Change doesn’t just happen you have to really want it. Up until this point I don’t think I actually truly wanted to change. I liked the cycle I had myself in. I would do what my spirit needed but no more. I would stay within my comfort zone. I wouldn’t truly allow myself to be the best and strongest I can be. Because I know there is more to me I can feel it. Growth doesn’t happen over night you need to plant the seeds and start somewhere.
So this month and yes I do know we are already in the near middle of February but hay I needed time to recover, I am dedicating myself to growth and change. I am willing to do more of the work that is needed from me. I am willing to create a plan and stick to it. I am willing to cultivate change.
It been a great couple of months will a lot of love and laughter, but now we are back to the grind of school, work and after school activities and I really need to make sure I focus on what is important to me and my family. I have my power sheets ready to go for February and I have decided to grow a garden with Izzy. It will be a project for this year and I am planning to start it next weekend (any tips please send them my way) I think it will be something we will enjoy together and I am sure the monkey man will join in as well. Although he just loves the digging part.

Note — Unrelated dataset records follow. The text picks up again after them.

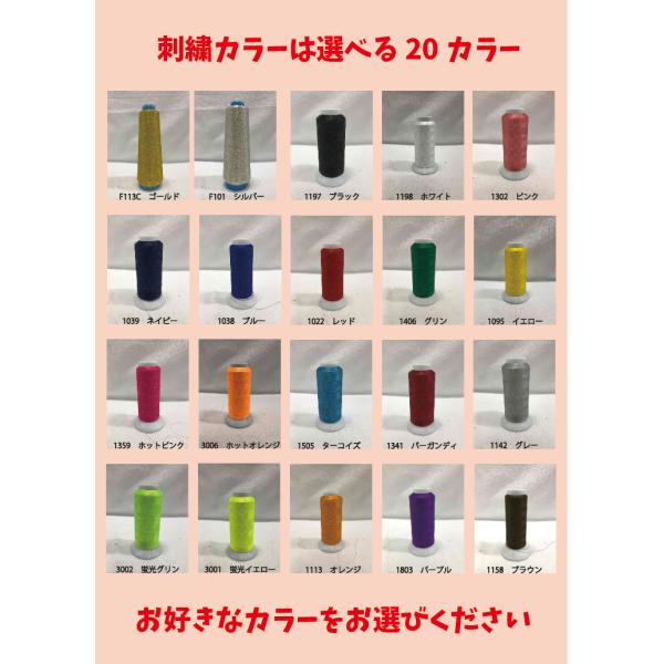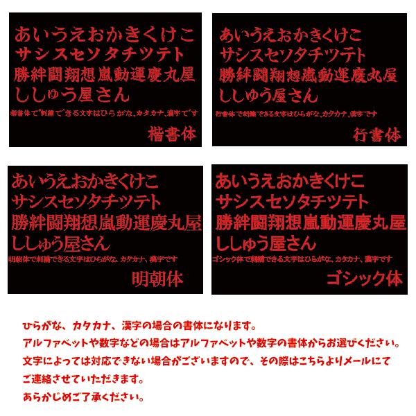 6文字以上の刺繍の場合、別途¥100(税込)、両面への刺繍の場合、別途¥200(税込)、2行にわたって刺繍の場合は別途¥200(税込)頂戴いたします。あらかじめご了承ください。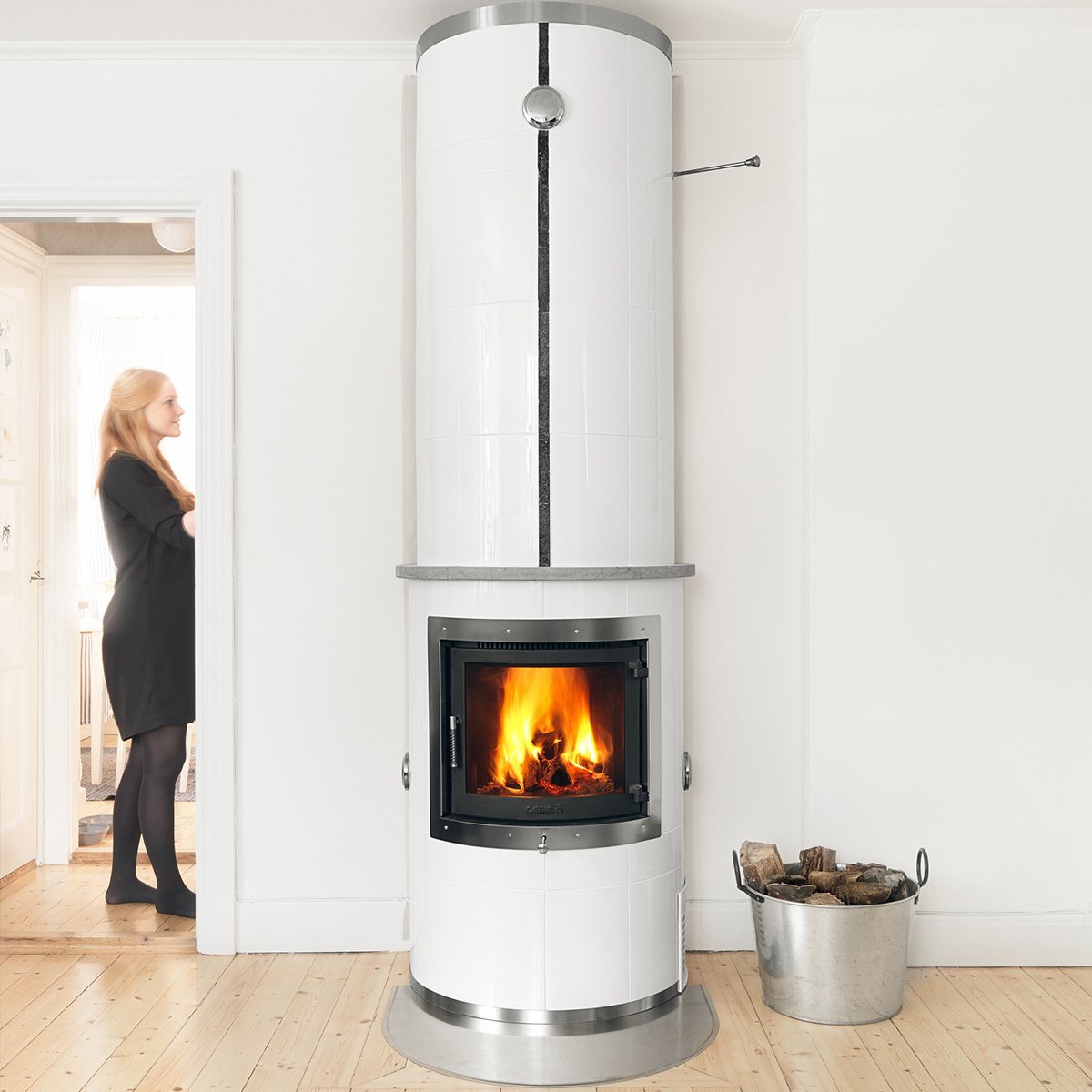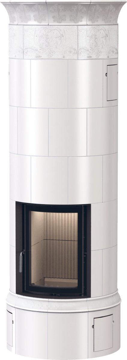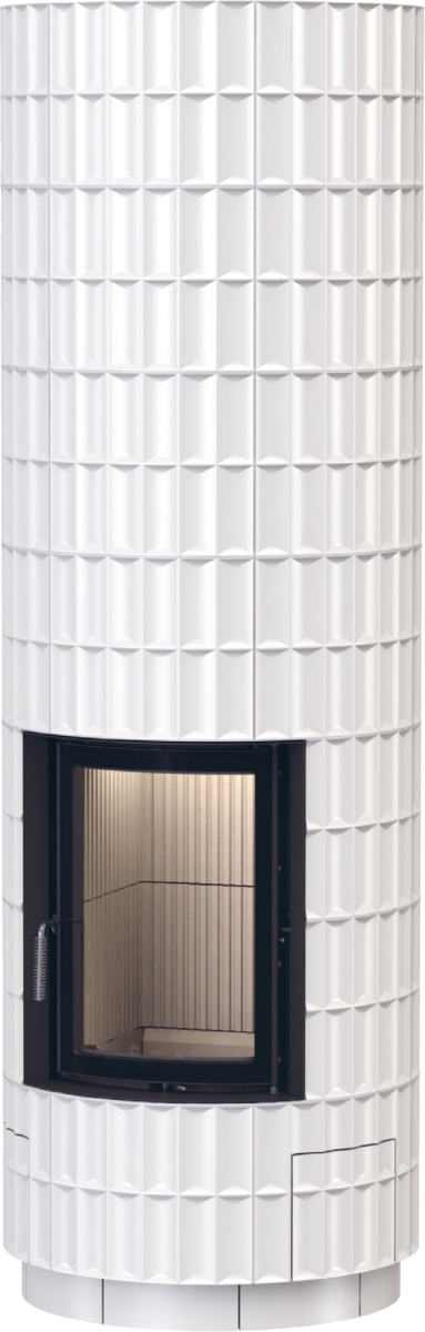 Tillinge hvit rund kakkelovn med glassdør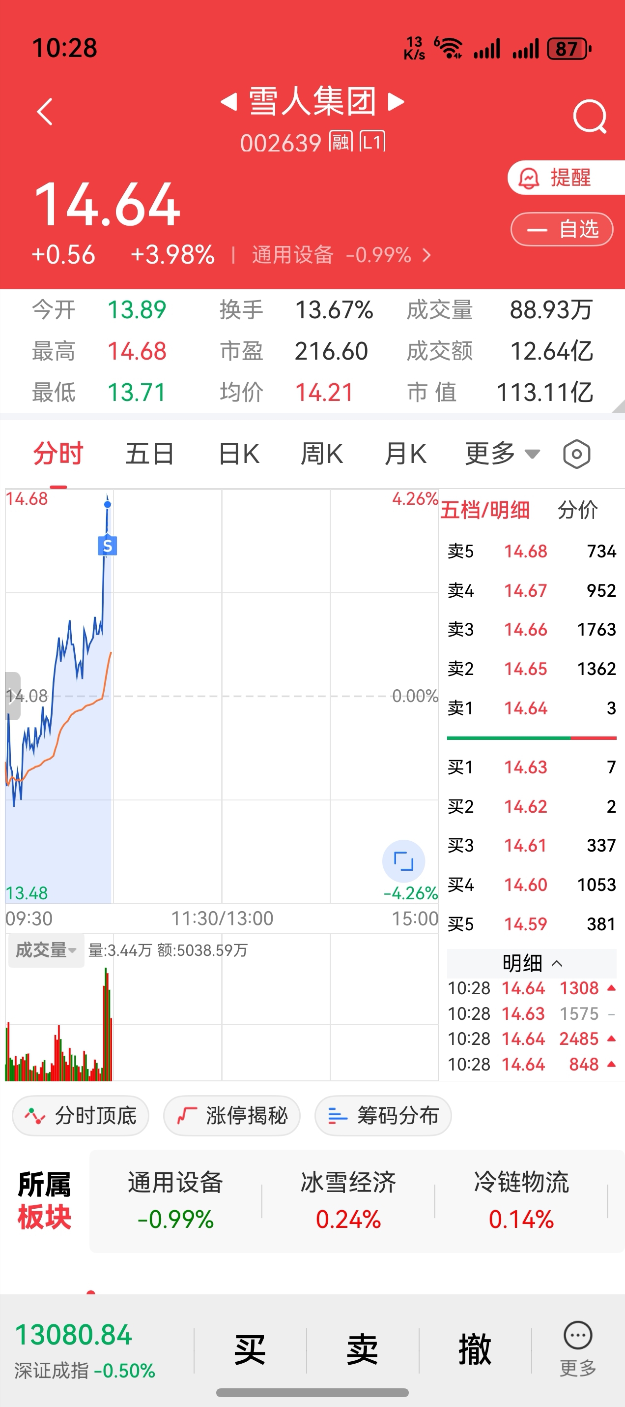 $雪人集团(SZ002639)$ 抬头一看,卖飞了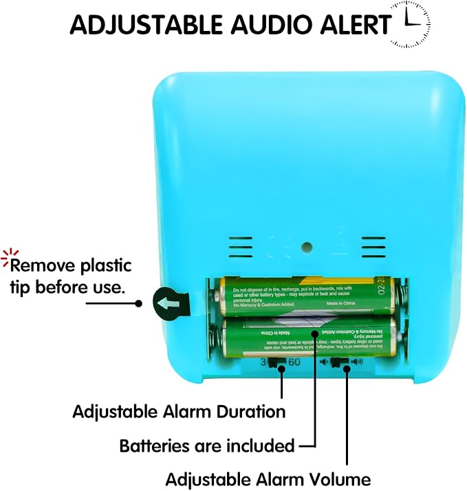 - š[ Adjustable Audio Alerts ] Volume and duration of the alarm are both adjustable: 3 seconds or 60 seconds for alert duration, low or loud for alert volume. The timer does not audibly tick, allowing you to focus on your tasks.

I am so looking forward to creating this blog more this year and also vlogging and finding my self even more. It has been a journey so far and I can’t wait to see what else comes my way. It has taken a while for this first post to go up for the year and I am actually ok with that. I made sure I did it in my time and when I was ready and not before then. I truly hope this year is the year of change and growth for me + I hope you all join me for the ride.